Restate the records below word for word, and omit the images they hold.

** Opening Supplied material block **

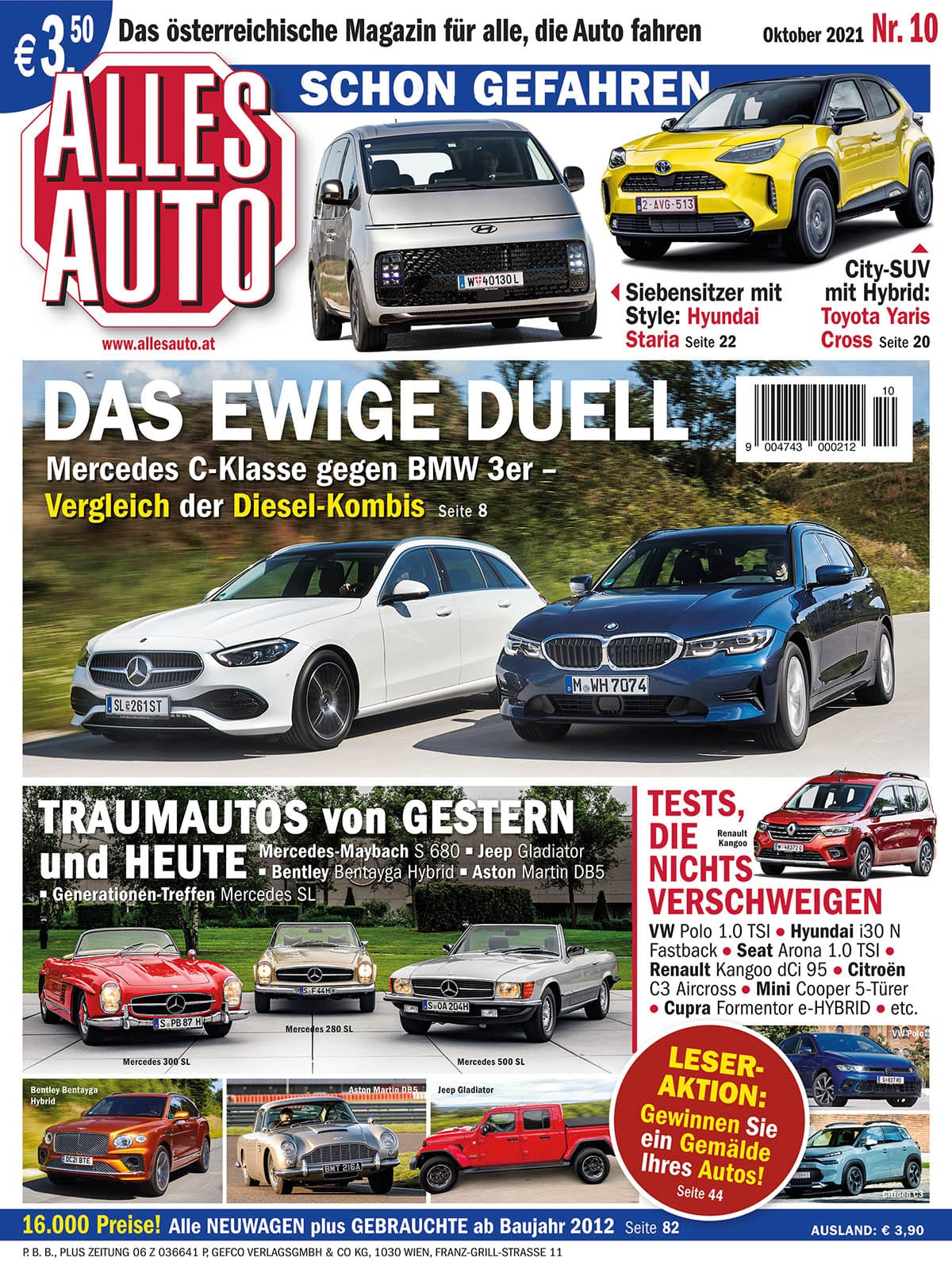 Im Mittelpunkt unserer Oktober-Ausgabe steht ein ewiges Duell: Die neue Mercedes C-Klasse tritt im Vergleich gegen den BMW 3er an. Welcher Diesel-Kombi wird sich am Ende durchsetzen können? Außerdem im Heft: Fahrberichte vom neuen Toyota Yaris Cross, Hyundai Staria, jede Menge Tests sowie bunte Stories über allerlei Traumautos – ab sofort im Handel!
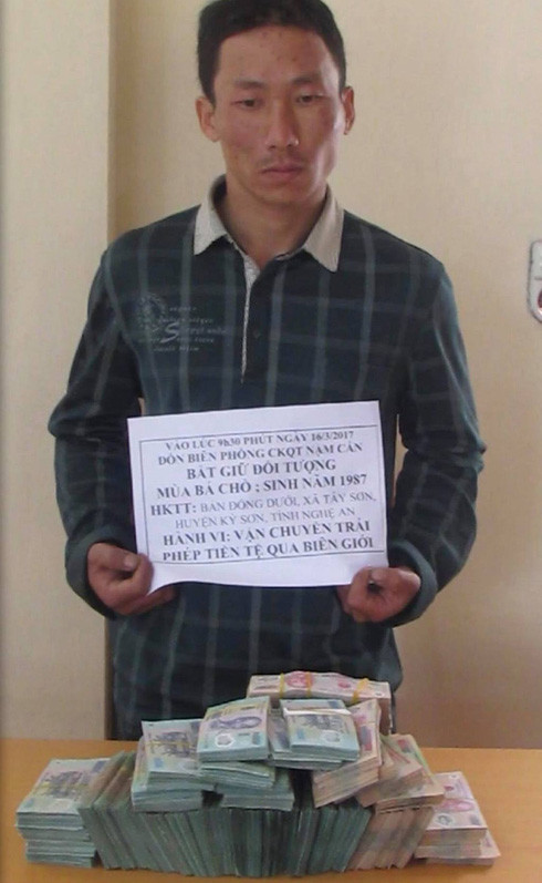 *Chiều 16-3, Bộ đội Biên phòng Nghệ An cho biết, đơn vị vừa phát hiện và bắt giữ đối tượng Mùa Bá Chò (SN 1987, trú tại huyện Kỳ Sơn) khi mang theo bì tiền đang cố vượt biên theo đường mòn sang Lào.
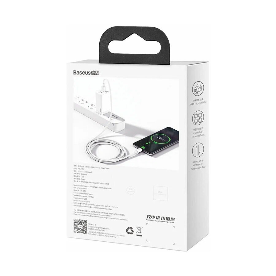 Кабель USB BASEUS Superior Series Fast Charging, USB - Type-C, 6A, 1 м, белый
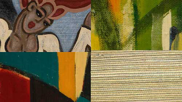 Alle Gemälde haben einen pastosen Farbauftrag (rechts oben und links unten Bilddetail Ausschnitte) mit mittelstarker Plastiztät.
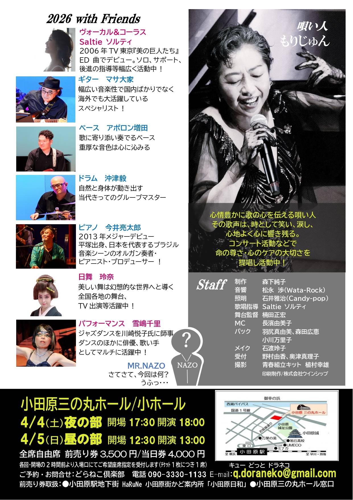 | スタッフ | 制作:森下純子 音響:松永 渉(Wata-Rock) 照明:石井雅治(Candy-pop) 歌唱指導:Saltie ソルティ 舞台監督:楠田正宏 MC:長濱由美子 バック:羽尻真由美、森田広恵、小川万里子 メイク:石渡玲子 受付:野村由加、奥津真理子 撮影:青春組み立てキット、植村幸雄 印刷制作:株式会社ウインシップ |
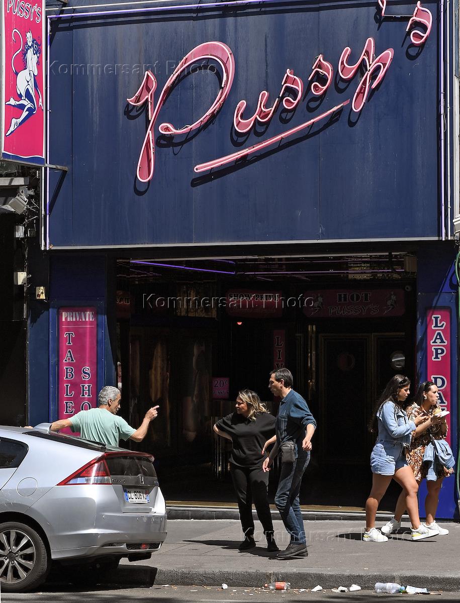 Views of Paris. Genre photography. Passers-by at the entrance to the Pussy's strip club.
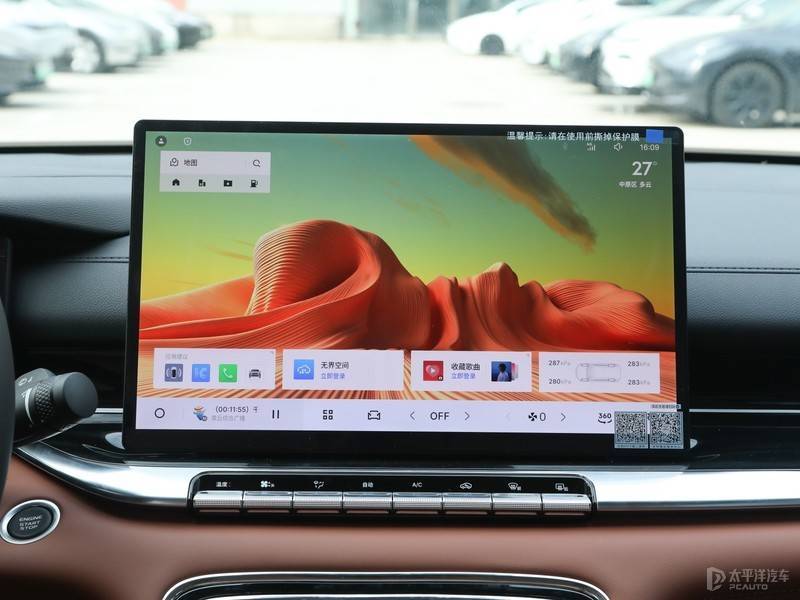 第5代帝豪采用了双屏设计,全液晶仪表和14.6英寸悬浮式中控大屏,搭载最新版Flyme Auto系统,云端、车机端、手机端三端无界融合,带来全场景、沉浸式的智能座舱体验,系统内置了非常丰富的功能,日常用车的各种场景都能应对。
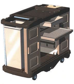 DELUXE LODGING CART offers center wheel design for 360 degree turning radius, ergonomic aluminum handles for maneuvering cart, vacuum cleaner ledge and handle, notch with built in tool holders, pockets for standard cleaning items, drawers for holding soap, shampoo, etc., door with lock and key.
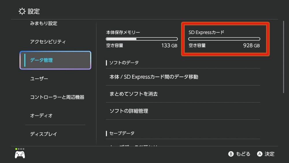 SD Expressカードはゲームのインストール先だけでなく、キャプチャーボタンで撮影したスクリーンショットや動画を直接保存する場所としても指定できるので、最も高速な本体保存メモリーを圧迫しないことが最大の役割であり、導入するメリットです。
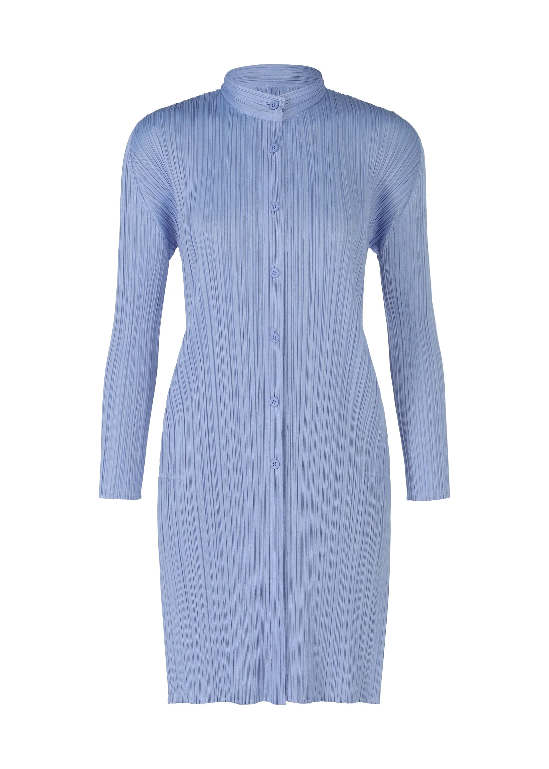 This long-sleeved shirt with a standing collar is available in subdued color tunes. It has a buttoned design with slits on both sides. Product Information Material: 100% polyester Made in Japan Neckline / Collar:Stand collar Front opening:button Slit (position):Both sides

** Closing Supplied material block **

→ **Written solution**:
 Im Mittelpunkt unserer Oktober-Ausgabe steht ein ewiges Duell: Die neue Mercedes C-Klasse tritt im Vergleich gegen den BMW 3er an. Welcher Diesel-Kombi wird sich am Ende durchsetzen können? Außerdem im Heft: Fahrberichte vom neuen Toyota Yaris Cross, Hyundai Staria, jede Menge Tests sowie bunte Stories über allerlei Traumautos – ab sofort im Handel!
 *Chiều 16-3, Bộ đội Biên phòng Nghệ An cho biết, đơn vị vừa phát hiện và bắt giữ đối tượng Mùa Bá Chò (SN 1987, trú tại huyện Kỳ Sơn) khi mang theo bì tiền đang cố vượt biên theo đường mòn sang Lào.
 Кабель USB BASEUS Superior Series Fast Charging, USB - Type-C, 6A, 1 м, белый
 Alle Gemälde haben einen pastosen Farbauftrag (rechts oben und links unten Bilddetail Ausschnitte) mit mittelstarker Plastiztät.
 | スタッフ | 制作:森下純子 音響:松永 渉(Wata-Rock) 照明:石井雅治(Candy-pop) 歌唱指導:Saltie ソルティ 舞台監督:楠田正宏 MC:長濱由美子 バック:羽尻真由美、森田広恵、小川万里子 メイク:石渡玲子 受付:野村由加、奥津真理子 撮影:青春組み立てキット、植村幸雄 印刷制作:株式会社ウインシップ |
 Views of Paris. Genre photography. Passers-by at the entrance to the Pussy's strip club.
 第5代帝豪采用了双屏设计,全液晶仪表和14.6英寸悬浮式中控大屏,搭载最新版Flyme Auto系统,云端、车机端、手机端三端无界融合,带来全场景、沉浸式的智能座舱体验,系统内置了非常丰富的功能,日常用车的各种场景都能应对。
 DELUXE LODGING CART offers center wheel design for 360 degree turning radius, ergonomic aluminum handles for maneuvering cart, vacuum cleaner ledge and handle, notch with built in tool holders, pockets for standard cleaning items, drawers for holding soap, shampoo, etc., door with lock and key.
 SD Expressカードはゲームのインストール先だけでなく、キャプチャーボタンで撮影したスクリーンショットや動画を直接保存する場所としても指定できるので、最も高速な本体保存メモリーを圧迫しないことが最大の役割であり、導入するメリットです。
 This long-sleeved shirt with a standing collar is available in subdued color tunes. It has a buttoned design with slits on both sides. Product Information Material: 100% polyester Made in Japan Neckline / Collar:Stand collar Front opening:button Slit (position):Both sides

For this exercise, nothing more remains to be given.